[Dataset content Boundary: Start]

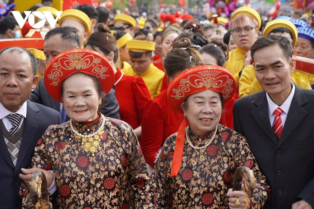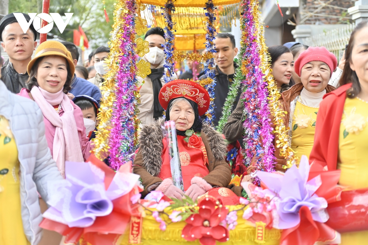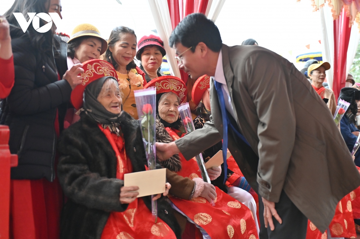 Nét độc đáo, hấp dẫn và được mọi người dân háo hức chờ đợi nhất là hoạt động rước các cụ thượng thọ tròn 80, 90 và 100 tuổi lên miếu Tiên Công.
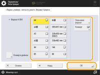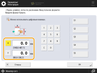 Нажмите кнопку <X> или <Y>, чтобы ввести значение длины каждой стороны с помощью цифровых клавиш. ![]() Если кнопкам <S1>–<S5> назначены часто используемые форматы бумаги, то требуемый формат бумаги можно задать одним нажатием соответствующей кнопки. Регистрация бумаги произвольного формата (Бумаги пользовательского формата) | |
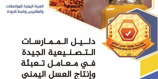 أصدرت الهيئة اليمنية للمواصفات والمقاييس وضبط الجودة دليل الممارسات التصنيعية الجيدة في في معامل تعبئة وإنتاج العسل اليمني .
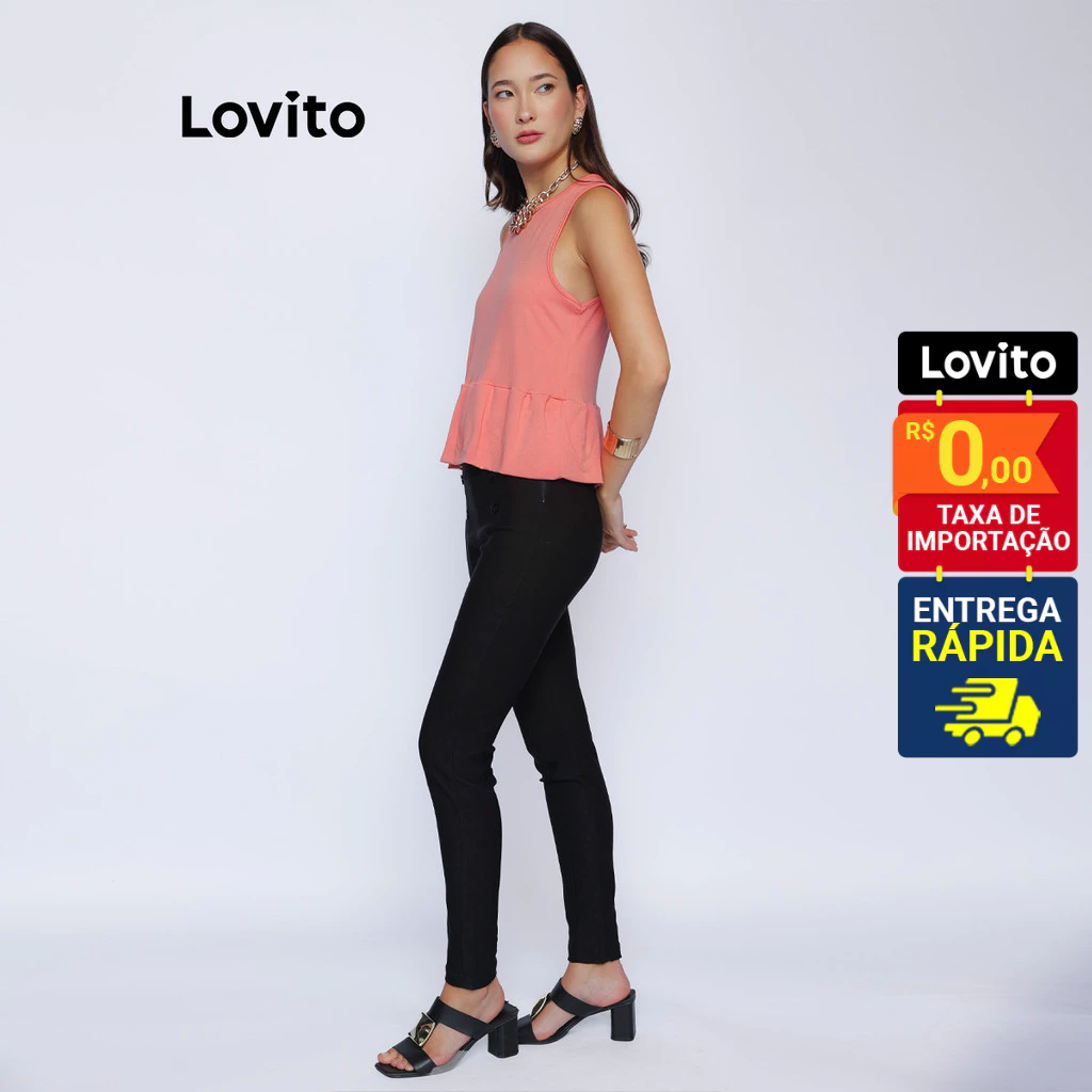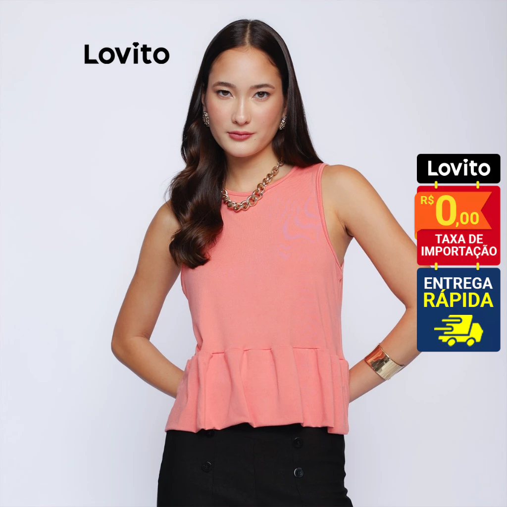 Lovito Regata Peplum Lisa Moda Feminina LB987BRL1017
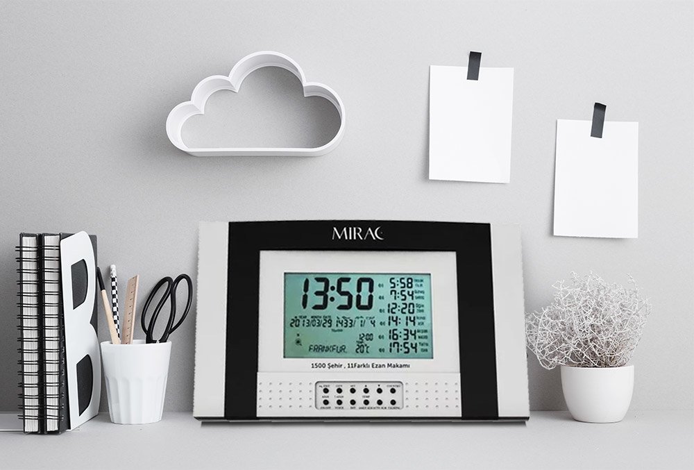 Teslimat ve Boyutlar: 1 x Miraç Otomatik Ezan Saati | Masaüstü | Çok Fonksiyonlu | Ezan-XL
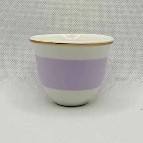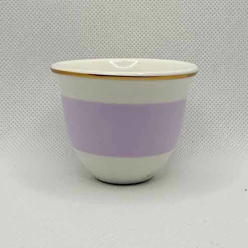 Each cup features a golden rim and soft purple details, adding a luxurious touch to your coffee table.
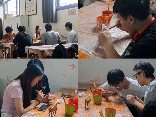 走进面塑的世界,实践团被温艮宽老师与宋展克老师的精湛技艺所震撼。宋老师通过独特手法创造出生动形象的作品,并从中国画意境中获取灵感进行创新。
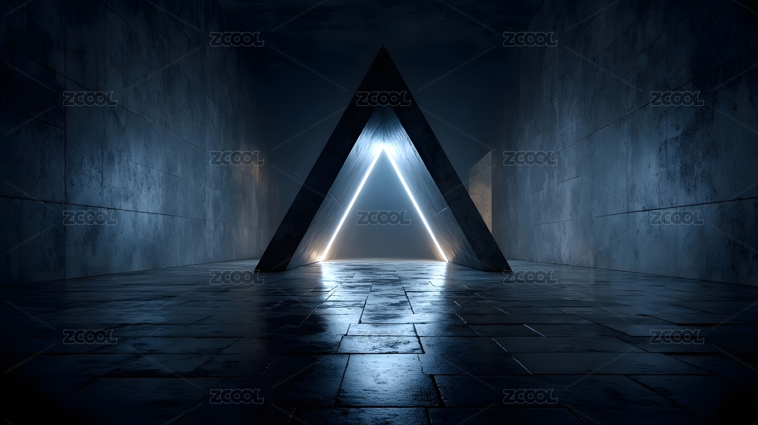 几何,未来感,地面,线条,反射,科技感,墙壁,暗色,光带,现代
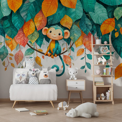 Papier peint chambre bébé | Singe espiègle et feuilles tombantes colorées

[Dataset content Boundary: End]

What is being asked
What you return should match the material line for line, with the images removed.

Written reply
 Nét độc đáo, hấp dẫn và được mọi người dân háo hức chờ đợi nhất là hoạt động rước các cụ thượng thọ tròn 80, 90 và 100 tuổi lên miếu Tiên Công.
 Нажмите кнопку <X> или <Y>, чтобы ввести значение длины каждой стороны с помощью цифровых клавиш. ![]() Если кнопкам <S1>–<S5> назначены часто используемые форматы бумаги, то требуемый формат бумаги можно задать одним нажатием соответствующей кнопки. Регистрация бумаги произвольного формата (Бумаги пользовательского формата) | |
 أصدرت الهيئة اليمنية للمواصفات والمقاييس وضبط الجودة دليل الممارسات التصنيعية الجيدة في في معامل تعبئة وإنتاج العسل اليمني .
 Lovito Regata Peplum Lisa Moda Feminina LB987BRL1017
 Teslimat ve Boyutlar: 1 x Miraç Otomatik Ezan Saati | Masaüstü | Çok Fonksiyonlu | Ezan-XL
 Each cup features a golden rim and soft purple details, adding a luxurious touch to your coffee table.
 走进面塑的世界,实践团被温艮宽老师与宋展克老师的精湛技艺所震撼。宋老师通过独特手法创造出生动形象的作品,并从中国画意境中获取灵感进行创新。
 几何,未来感,地面,线条,反射,科技感,墙壁,暗色,光带,现代
 Papier peint chambre bébé | Singe espiègle et feuilles tombantes colorées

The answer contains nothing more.